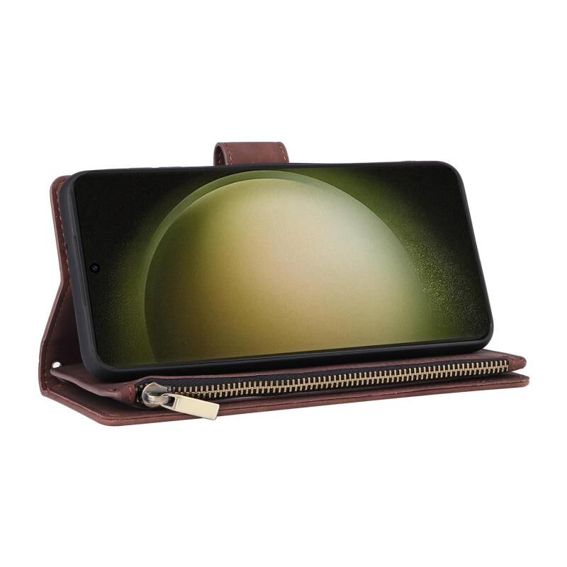 For Samsung Galaxy S23 FE 5G Multifunctional Frosted Zipper Wallet Leather Phone Case(Coffee)
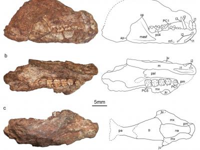 纤弱禄丰兽CVEB12001头骨及右下颌纤弱禄丰兽(A,B)与云南卞氏兽(C)齿冠形态对比...
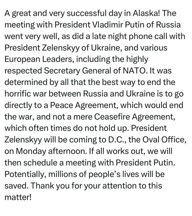 Early returns on Alaska are: not much. The vibes from Trump were cranky, sullen. The delegation didnāt eat together, no questions at the press conference. Heās distancing himself from it, putting the ball back in Zelenskyyās court. Heās clearly tired with this whole thing and wants a way out and will likely end up lashing out at Ukraine since they are the ones who will respond in some way. -
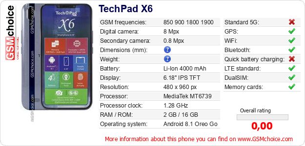Do you have your website? Do you want to insert information about basic phone data of TechPad X6 somewhere? It is very easy. You can download the picture, or copy and paste the code below on the page:Pasting this code will display the following image:
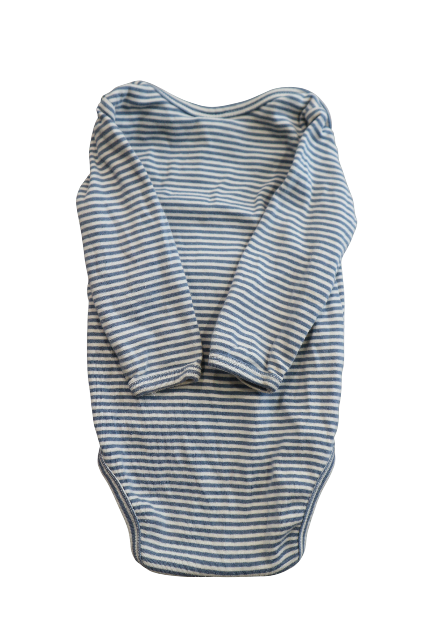 Nature Baby blue and cream stripe bodysuit in size 0. Organic cotton.
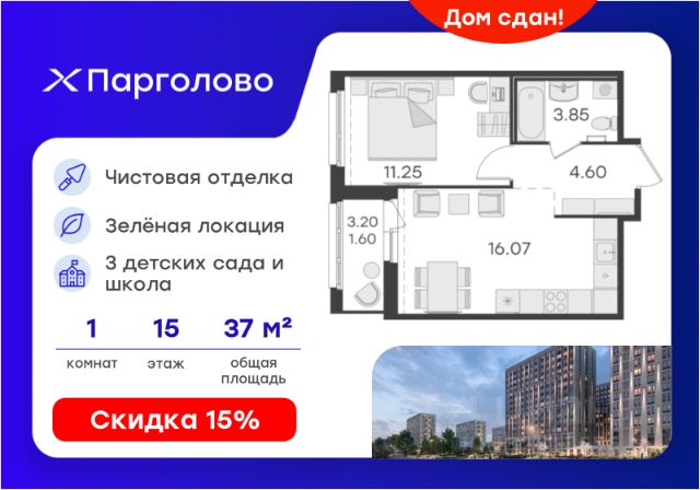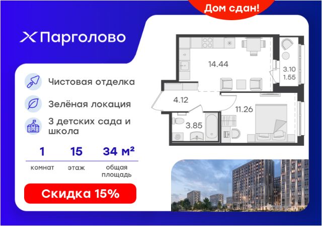Продается 1-комн. квартира на 15-м этаже в проекте комфорт-класса Парголово. Общая площадь лота составляет 32,46 кв. м, из которых 10,15 кв. м отведено под жилую и 13,45 кв. м под кухонную зону. Номер квартиры - 138. Преимущества: - Квартира комфорт-класса - Зеленый район, Шуваловский парк в 20 мин. пешком - 10 мин. до КАД, 15 мин. до ЗСД - 5 эт. паркинг на 451 м/м - Закрытые дворы с видеонаблюдением - Детские площадки с геопласткой и бизиборадми - Сады и школы в шаговой доступности - Спортивные площадки и велодорожки - Собственный комьюнити-центр - Келлеры для хранения - Коммерческие помещения на 1 этажах Парголово — масштабный проект комфорт-класса в Выборгском районе Санкт-Петербурга. Место, продуманное до мелочей, где все, что необходимо — рядом. Архитектурно-пространственное решение отличается лаконичностью и строгостью и придает проекту свой характер. Внутренние дворы закрыты от внешнего мира, создавая приватную территорию для жителей. Живите на природе, но с комфортом мегаполиса. Десять минут на велосипеде или полчаса пешком — и вы окажетесь в одном из культовых мест отдыха петербуржцев: Шуваловском парке, Орловском заказнике с их чистыми карьерами или на Суздальских озерах. До ж/д станции "Парголово" 7 минут на автомобиле, до метро Проспект Просвещения 25 минут, КАД 10 минут, ЗСД 15 минут. В шаговой доступности остановка общественного транспорта. В шаговой доступности — собственные школы и детские сады. Здесь все создано для максимального комфорта каждого жителя. Приватное пространство внутреннего двора с беседками с розетками для работы и отдыха, зеленый двор с уютным многоуровневым освещением, детскими эко-площадками и спортивными площадками создает неповторимую атмосферу, заряжающую энергией на новые свершения. Квартиры сдаются без отделки. Узнайте подробности в Отделе продаж.
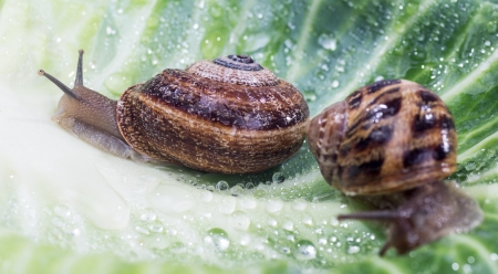 Large snails Helix Aspersa Maxima under running water on a snail farm. Breeding edible snails. Business.
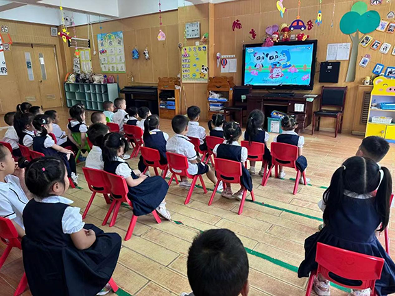 (孩子们认真观看防溺水安全教育动画片)
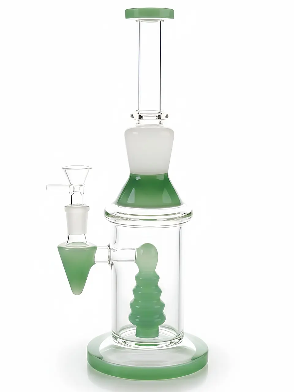 Standing 10 inches tall, this is a straight-tube bong built for smooth, no-fuss sessions. Smoke flows straight down into the layered pagoda perc. You get solid cooling, steady airflow, and a hit that feels clean without losing punch.
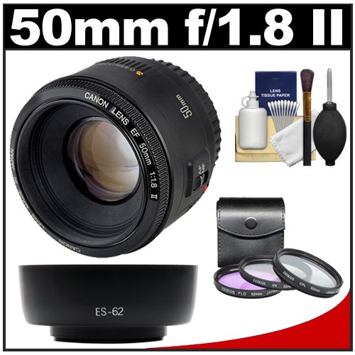 KIT INCLUDES four PRODUCTS -- All BRAND NEW Items with all Manufacturer-supplied Accessories + Full USA Warranties:.<4> PD 6pc Complete Cleaning Kit.<1> Canon EF 50mm f/1.8 II Lens +.<3> ES-62 Lens Hood +.<2> 52mm 3pc (UV/FLD/CPL) Filter +...Canon EF 50mm f/1.8 II Lens with 3 UV/FLD/CPL Filters + Hood + Cleaning Kit for EOS 60D, 7D, 5D Mark II III, Rebel T3, T3i, T4i Features.
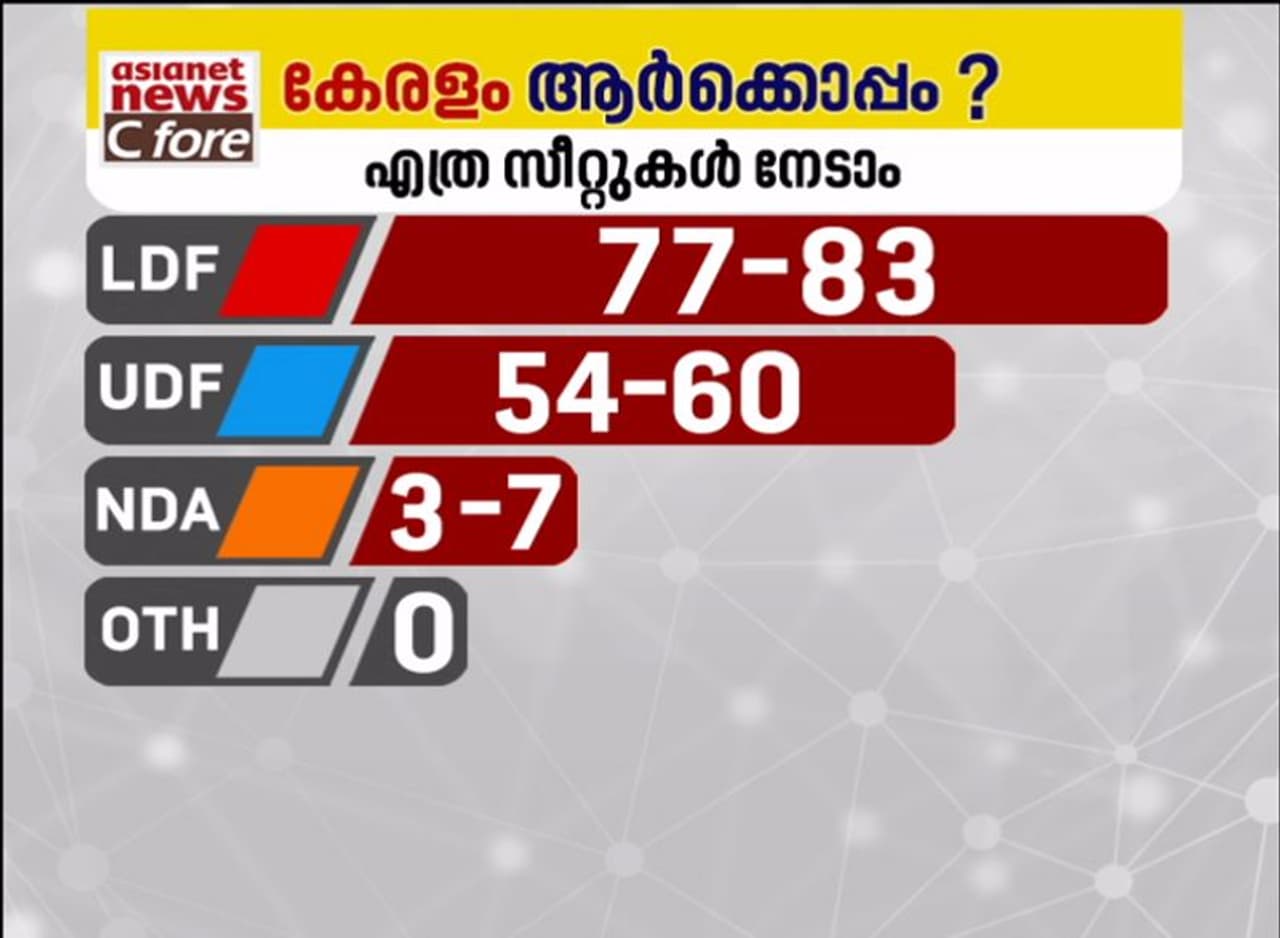ഇനി, ഫലമെന്താകുമെന്ന് പരിശോധിച്ചാൽ എൽഡിഎഫ് 77 മുതൽ 83 സീറ്റ് വരെ നേടാമെന്ന് സർവേ പ്രവചിക്കുന്നു. യുഡിഎഫ് 54 മുതൽ 60 സീറ്റ് വരെ നേടാം. എൻഡിഎ 3 മുതൽ 7 സീറ്റ് വരെ നേടാം എന്നും സർവേ പ്രവചിക്കുന്നുണ്ട്.
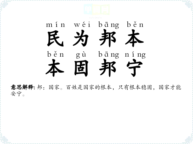 | 民为邦本,本固邦宁 | 邦:国家。百姓是国家的根本,只有根本稳固,国家才能安宁。 |
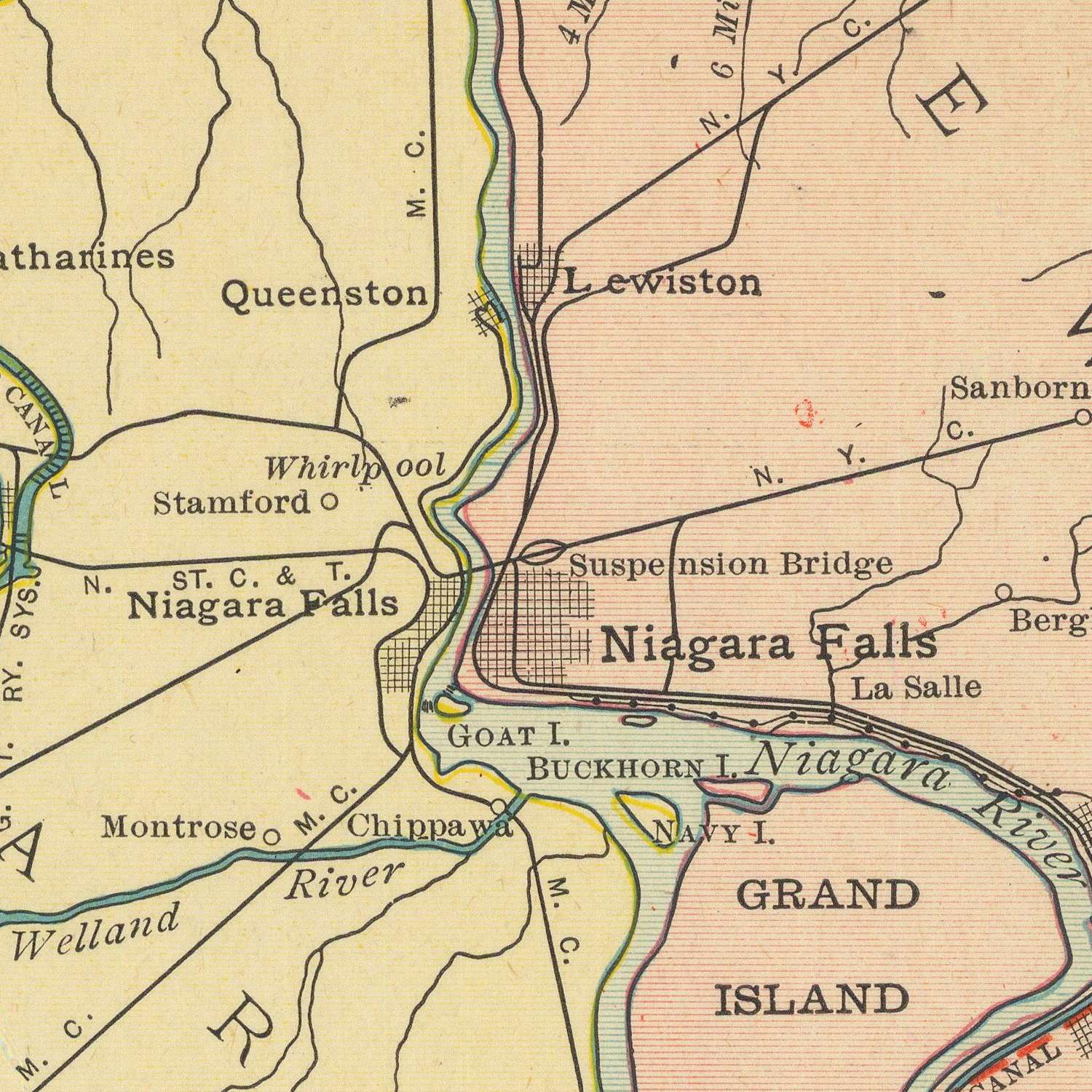 Two inset maps supply the crucial micro-geographies that move macro-economies. Around Detroit and the St. Clair River, the sheet magnifies the narrow straits that carry vessels between Lakes Huron and Erie—past Detroit and Windsor, through Port Huron and Sarnia—where currents, docks, and junctions concentrate traffic and turn time into money. The Welland Canal inset, in turn, highlights the engineered bypass around Niagara Falls, the critical hinge coupling Lakes Erie and Ontario. By isolating these choke points and connectors, Rand McNally underlines how locks, channels, and river reaches determine the cadence of the whole system, and how rail spurs knit back to the lakefront, ensuring that every berth is a gateway to the hinterland.

◇ ◇ ◇

• Work task: Would you set down the records exactly, with no pictures included?

• Answer to the problem:
 For Samsung Galaxy S23 FE 5G Multifunctional Frosted Zipper Wallet Leather Phone Case(Coffee)
 纤弱禄丰兽CVEB12001头骨及右下颌纤弱禄丰兽(A,B)与云南卞氏兽(C)齿冠形态对比...
 Early returns on Alaska are: not much. The vibes from Trump were cranky, sullen. The delegation didnāt eat together, no questions at the press conference. Heās distancing himself from it, putting the ball back in Zelenskyyās court. Heās clearly tired with this whole thing and wants a way out and will likely end up lashing out at Ukraine since they are the ones who will respond in some way. -
Do you have your website? Do you want to insert information about basic phone data of TechPad X6 somewhere? It is very easy. You can download the picture, or copy and paste the code below on the page:Pasting this code will display the following image:
 Nature Baby blue and cream stripe bodysuit in size 0. Organic cotton.
Продается 1-комн. квартира на 15-м этаже в проекте комфорт-класса Парголово. Общая площадь лота составляет 32,46 кв. м, из которых 10,15 кв. м отведено под жилую и 13,45 кв. м под кухонную зону. Номер квартиры - 138. Преимущества: - Квартира комфорт-класса - Зеленый район, Шуваловский парк в 20 мин. пешком - 10 мин. до КАД, 15 мин. до ЗСД - 5 эт. паркинг на 451 м/м - Закрытые дворы с видеонаблюдением - Детские площадки с геопласткой и бизиборадми - Сады и школы в шаговой доступности - Спортивные площадки и велодорожки - Собственный комьюнити-центр - Келлеры для хранения - Коммерческие помещения на 1 этажах Парголово — масштабный проект комфорт-класса в Выборгском районе Санкт-Петербурга. Место, продуманное до мелочей, где все, что необходимо — рядом. Архитектурно-пространственное решение отличается лаконичностью и строгостью и придает проекту свой характер. Внутренние дворы закрыты от внешнего мира, создавая приватную территорию для жителей. Живите на природе, но с комфортом мегаполиса. Десять минут на велосипеде или полчаса пешком — и вы окажетесь в одном из культовых мест отдыха петербуржцев: Шуваловском парке, Орловском заказнике с их чистыми карьерами или на Суздальских озерах. До ж/д станции "Парголово" 7 минут на автомобиле, до метро Проспект Просвещения 25 минут, КАД 10 минут, ЗСД 15 минут. В шаговой доступности остановка общественного транспорта. В шаговой доступности — собственные школы и детские сады. Здесь все создано для максимального комфорта каждого жителя. Приватное пространство внутреннего двора с беседками с розетками для работы и отдыха, зеленый двор с уютным многоуровневым освещением, детскими эко-площадками и спортивными площадками создает неповторимую атмосферу, заряжающую энергией на новые свершения. Квартиры сдаются без отделки. Узнайте подробности в Отделе продаж.
 Large snails Helix Aspersa Maxima under running water on a snail farm. Breeding edible snails. Business.
 (孩子们认真观看防溺水安全教育动画片)
 Standing 10 inches tall, this is a straight-tube bong built for smooth, no-fuss sessions. Smoke flows straight down into the layered pagoda perc. You get solid cooling, steady airflow, and a hit that feels clean without losing punch.
 KIT INCLUDES four PRODUCTS -- All BRAND NEW Items with all Manufacturer-supplied Accessories + Full USA Warranties:.<4> PD 6pc Complete Cleaning Kit.<1> Canon EF 50mm f/1.8 II Lens +.<3> ES-62 Lens Hood +.<2> 52mm 3pc (UV/FLD/CPL) Filter +...Canon EF 50mm f/1.8 II Lens with 3 UV/FLD/CPL Filters + Hood + Cleaning Kit for EOS 60D, 7D, 5D Mark II III, Rebel T3, T3i, T4i Features.
ഇനി, ഫലമെന്താകുമെന്ന് പരിശോധിച്ചാൽ എൽഡിഎഫ് 77 മുതൽ 83 സീറ്റ് വരെ നേടാമെന്ന് സർവേ പ്രവചിക്കുന്നു. യുഡിഎഫ് 54 മുതൽ 60 സീറ്റ് വരെ നേടാം. എൻഡിഎ 3 മുതൽ 7 സീറ്റ് വരെ നേടാം എന്നും സർവേ പ്രവചിക്കുന്നുണ്ട്.
 | 民为邦本,本固邦宁 | 邦:国家。百姓是国家的根本,只有根本稳固,国家才能安宁。 |
 Two inset maps supply the crucial micro-geographies that move macro-economies. Around Detroit and the St. Clair River, the sheet magnifies the narrow straits that carry vessels between Lakes Huron and Erie—past Detroit and Windsor, through Port Huron and Sarnia—where currents, docks, and junctions concentrate traffic and turn time into money. The Welland Canal inset, in turn, highlights the engineered bypass around Niagara Falls, the critical hinge coupling Lakes Erie and Ontario. By isolating these choke points and connectors, Rand McNally underlines how locks, channels, and river reaches determine the cadence of the whole system, and how rail spurs knit back to the lakefront, ensuring that every berth is a gateway to the hinterland.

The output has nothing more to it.